| Requirement |
The task requires repeating, word for word, the lines from the one with "Kvalitní přepravní case" through the end of the material, leaving out all pictures.
==== The data ====
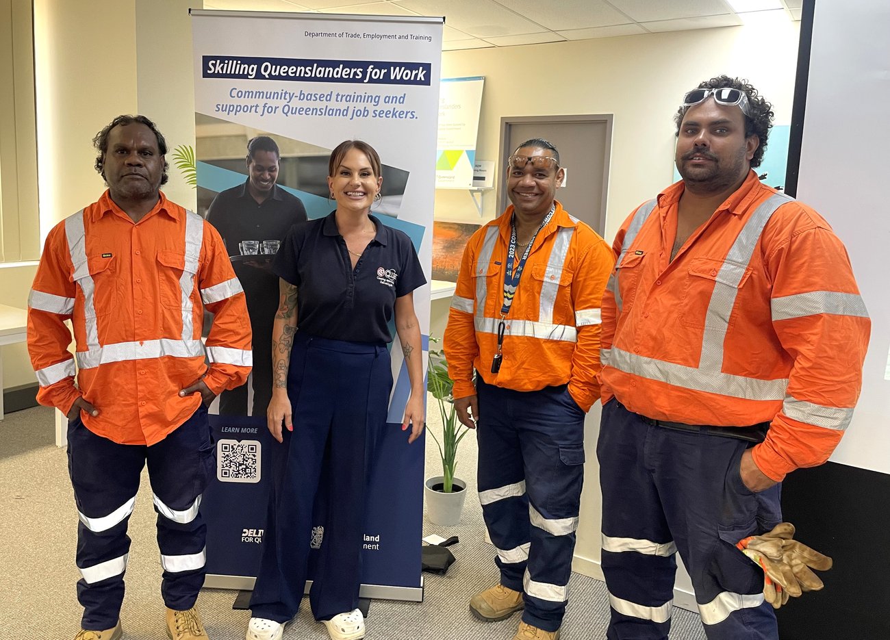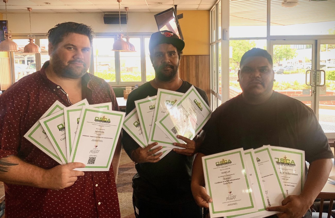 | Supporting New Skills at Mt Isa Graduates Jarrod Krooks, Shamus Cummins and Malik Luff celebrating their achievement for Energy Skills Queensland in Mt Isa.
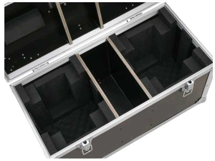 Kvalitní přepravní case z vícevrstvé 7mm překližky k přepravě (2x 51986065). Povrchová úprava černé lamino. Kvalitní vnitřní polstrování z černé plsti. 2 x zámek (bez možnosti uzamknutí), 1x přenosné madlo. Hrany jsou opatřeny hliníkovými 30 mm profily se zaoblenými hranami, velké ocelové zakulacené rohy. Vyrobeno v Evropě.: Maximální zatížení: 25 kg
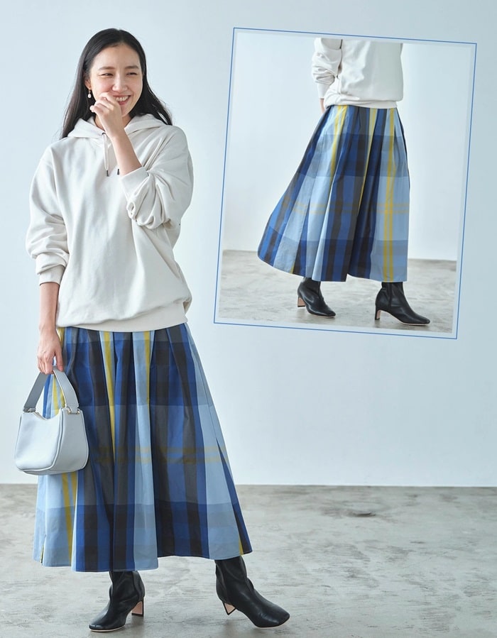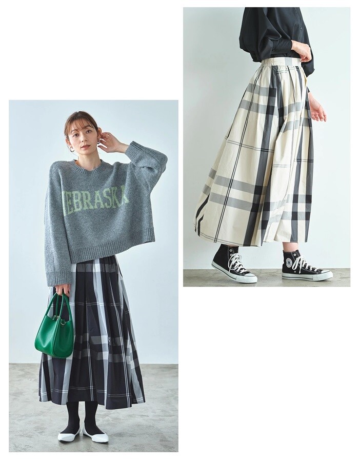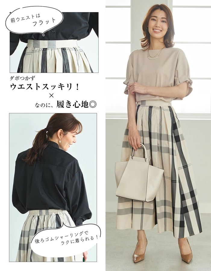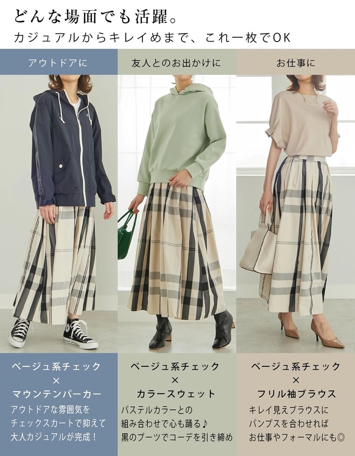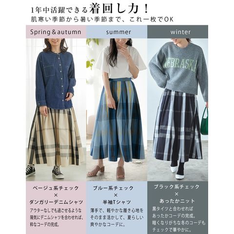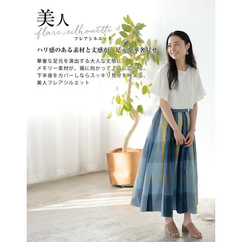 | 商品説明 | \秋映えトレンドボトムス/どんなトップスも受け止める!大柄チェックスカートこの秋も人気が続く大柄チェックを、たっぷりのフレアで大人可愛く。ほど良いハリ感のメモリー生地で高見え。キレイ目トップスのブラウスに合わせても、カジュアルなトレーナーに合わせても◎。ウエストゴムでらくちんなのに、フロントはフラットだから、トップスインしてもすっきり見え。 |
====
| Task solution |
 Kvalitní přepravní case z vícevrstvé 7mm překližky k přepravě (2x 51986065). Povrchová úprava černé lamino. Kvalitní vnitřní polstrování z černé plsti. 2 x zámek (bez možnosti uzamknutí), 1x přenosné madlo. Hrany jsou opatřeny hliníkovými 30 mm profily se zaoblenými hranami, velké ocelové zakulacené rohy. Vyrobeno v Evropě.: Maximální zatížení: 25 kg
 | 商品説明 | \秋映えトレンドボトムス/どんなトップスも受け止める!大柄チェックスカートこの秋も人気が続く大柄チェックを、たっぷりのフレアで大人可愛く。ほど良いハリ感のメモリー生地で高見え。キレイ目トップスのブラウスに合わせても、カジュアルなトレーナーに合わせても◎。ウエストゴムでらくちんなのに、フロントはフラットだから、トップスインしてもすっきり見え。 |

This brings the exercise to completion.